Earlier this week George Osborne stated that “this month, around nine out of 10 working households will be better off as a result of the changes we are making”.

The BBC report on this speech (before it happened, which frankly annoys me, why can’t politicians just give a speech and have it reported after the event? Why must it be released beforehand?) states that;

“This month saw the start of sweeping changes across public services including reform of the benefits system.

Mr Osborne argues that the government has had to take difficult decisions to cut the deficit and the current benefits system is fundamentally “broken”.

Changes include:

  • The introduction of a £26,000 cap on the amount of benefits a household can receive
  • A cut to housing benefit for working-age social housing tenants whose property is deemed to be larger than they need
  • Disability living allowance replaced by personal independence payment
  • Working-age benefits and tax credits uprated by 1% – a below-inflation cap

The chancellor believes the changes to benefits and tax will be fairer and help ensure that the country can live within its means and compete globally”

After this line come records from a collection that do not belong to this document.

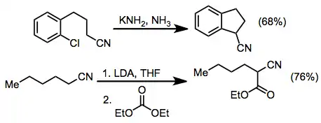 Examples of arylation and acylation reactions are shown below. Although intermolecular arylations using nitrile anions result in modest yields, the intramolecular procedure efficiently gives four-, five-, and six-membered benzo-fused rings. Acylation can be accomplished using a wide variety of acyl electrophiles, including carbonates, chloroformates, esters, anyhdrides, and acid chlorides.[10] In these reactions, two equivalents of base are used to drive the reaction towards acylated product—the acylated product is more acidic than the starting material.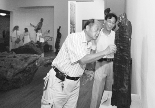 7月7日,著名油画家秦大虎一行参观了艺术村,对嵊州根雕、竹编、泥塑、紫砂等民间艺术的艺术水准给予高度评价,同时又对“艺术村”这一平台在传承和发展中起到的推动作用表示赞赏。(马玉龙 摄)
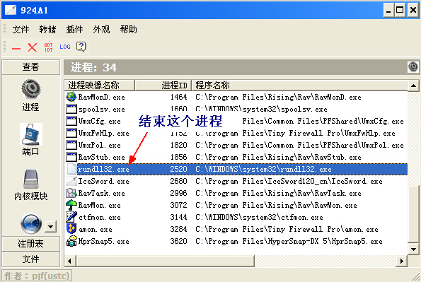 3、用IceSword强制删除下列木马、流氓文件: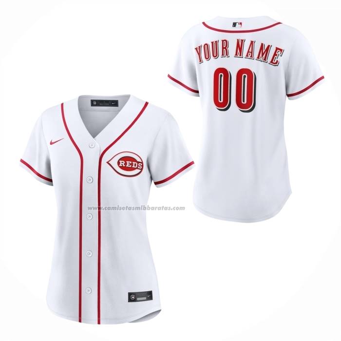Camiseta Beisbol Mujer Cincinnati Reds Primera Replica Personalizada Blanco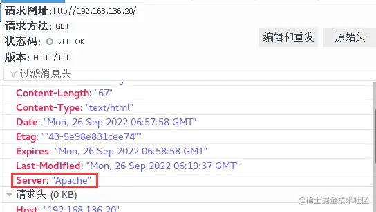 浏览器访问http://192.168.136.20,双击200消息查看Server项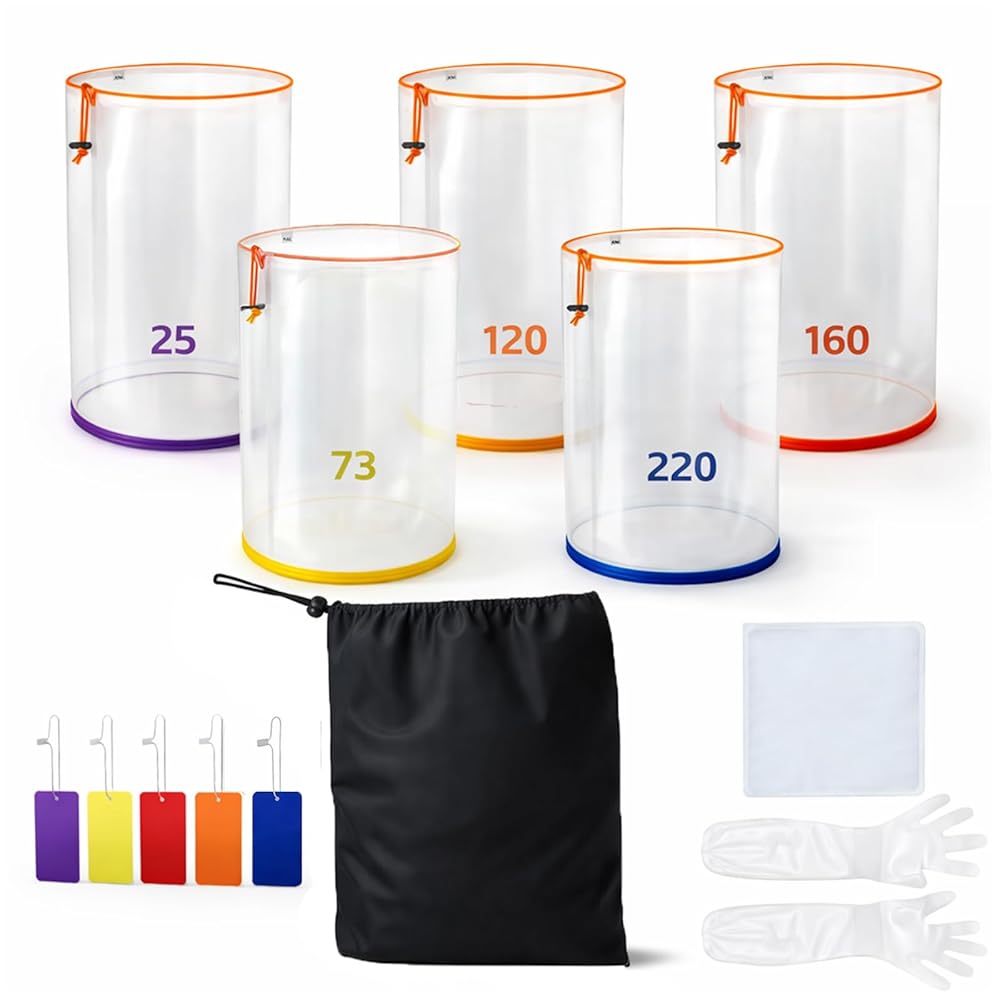【Everything You Need Included】 5 filter bags (5 sizes) + 5 recording cards + 10 disposable gloves + 1 black storage pouch + 1 sealing cloth. The storage pouch keeps your bags organized and protected from dust. Recording cards help track which micron size works best for each application.
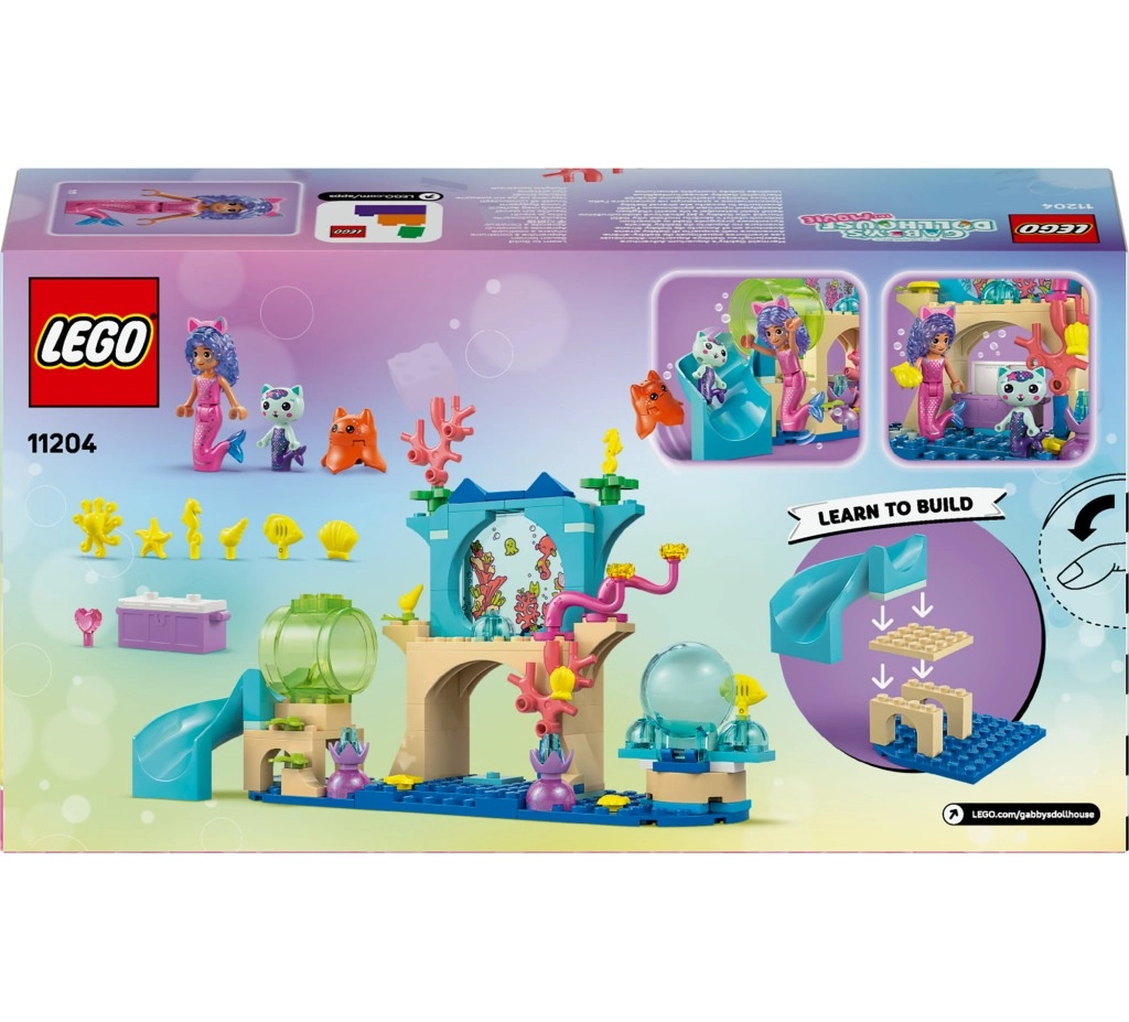 Ieniriet DreamWorks seriāla Gabi kaķu mājiņa pasaulē ar komplektu pašiem mazākajiem cēlājiem. Bērniem patiks minilelle Gabi jūras nāriņas tērpā un figūriņas Nārīnīte un Medūza, ar kurām var veidot pašiem savus stāstus košā zemūdens vidē. Komplekts attīsta radošumu, sīko pirkstu motoriku un pirmās būvēšanas prasmes.
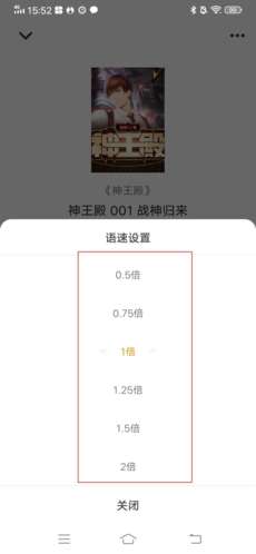 2、在弹出窗口中,我们可以选择从0.5倍到2倍一共六档不同的语速,点击选择自己喜欢的,就能成功设置了。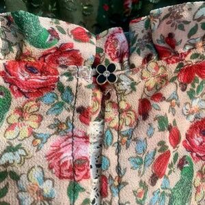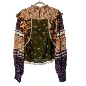 Vibrant floral blouse with lace details. Features a mix of green, blue, and cream patterns. Long sleeves with ruffle accents. It has not been worn in and in great condition. Love it, but was not a great fit for me.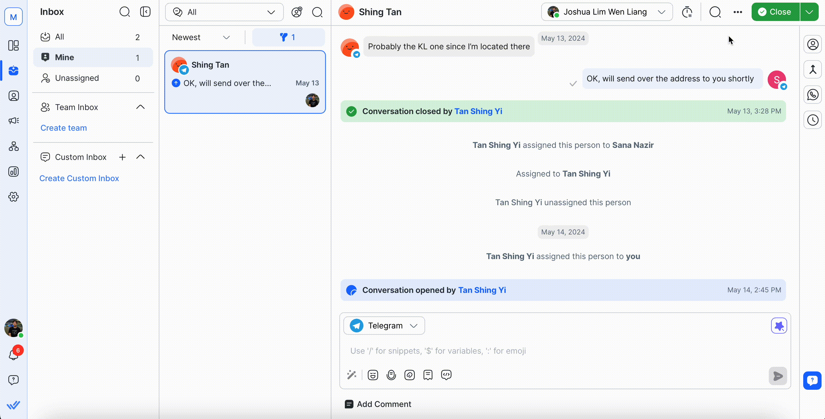 The conversation will automatically be closed and blocked. The conversation will be moved to the Blocked Contacts inbox.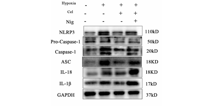 Nigericin (10 μM; 24 h) significantly upregulated the protein expression of NLRP3, Caspase-1, ASC, IL-1β, and IL-18 in hypoxia-treated H9c2 cells, reversing the inhibitory effects of Celastrol.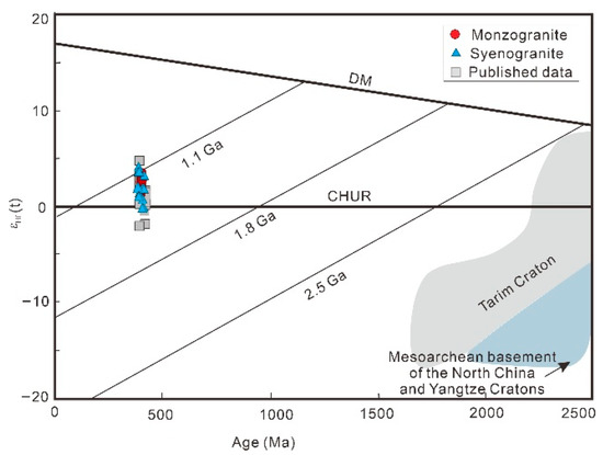 Zircon εHf(t) vs. Age (Ma) diagrams of granitoids from the SBOB (base map after [75]). Published data of granitoids from [6,42]. The data on Tarim, North China, and Yangtze blocks were from [78].

For all the rhetoric both in favour and against these cuts I would agree with Osborne on the limited claim that the vast majority of the public are in favour of these changes to the benefit system and do not agree with Labour or other critics of the changes. The very fact that 9 out of 10 people will purportedly be better off underlines the reason why most people agree with the changes. This, however, does not make it the right thing to do.

Osborne and IDS both claim that they are doing this for the good of the poor and that “defending every line item of welfare spending isn’t credible in the current economic environment. Because defending benefits that trap people in poverty and penalise work is defending the indefensible.”

I can’t help but think that it is low wages that means that work does not pay, not a benefits system that barely facilitates survival. JSA is currently £71 per week; for all your expenses this is not a significant sum (think food, heating, travel, internet, phone, and water /sewerage). If you don’t qualify for housing benefit or council tax reduction then you really are going to struggle. IDS may claim that he would manage if he had to, but I think he would find the changes that he would have to make to his lifestyle more then just unpalatable.

Of the four changes highlighted above, the one that is least discussed is the limiting of the rise in benefits to 1%.  Done on the basis that many people’s wages are stagnant or are also limited in a rise and therefore a rise of benefits in line with inflation would be “unfair” to those in work. I can see the logic in this; the problem, however, is that when we, as a society, have decided that £71 is the minimum you need to survive on each week then not increasing this in line with inflation means that people will, by definition, not be able to cope.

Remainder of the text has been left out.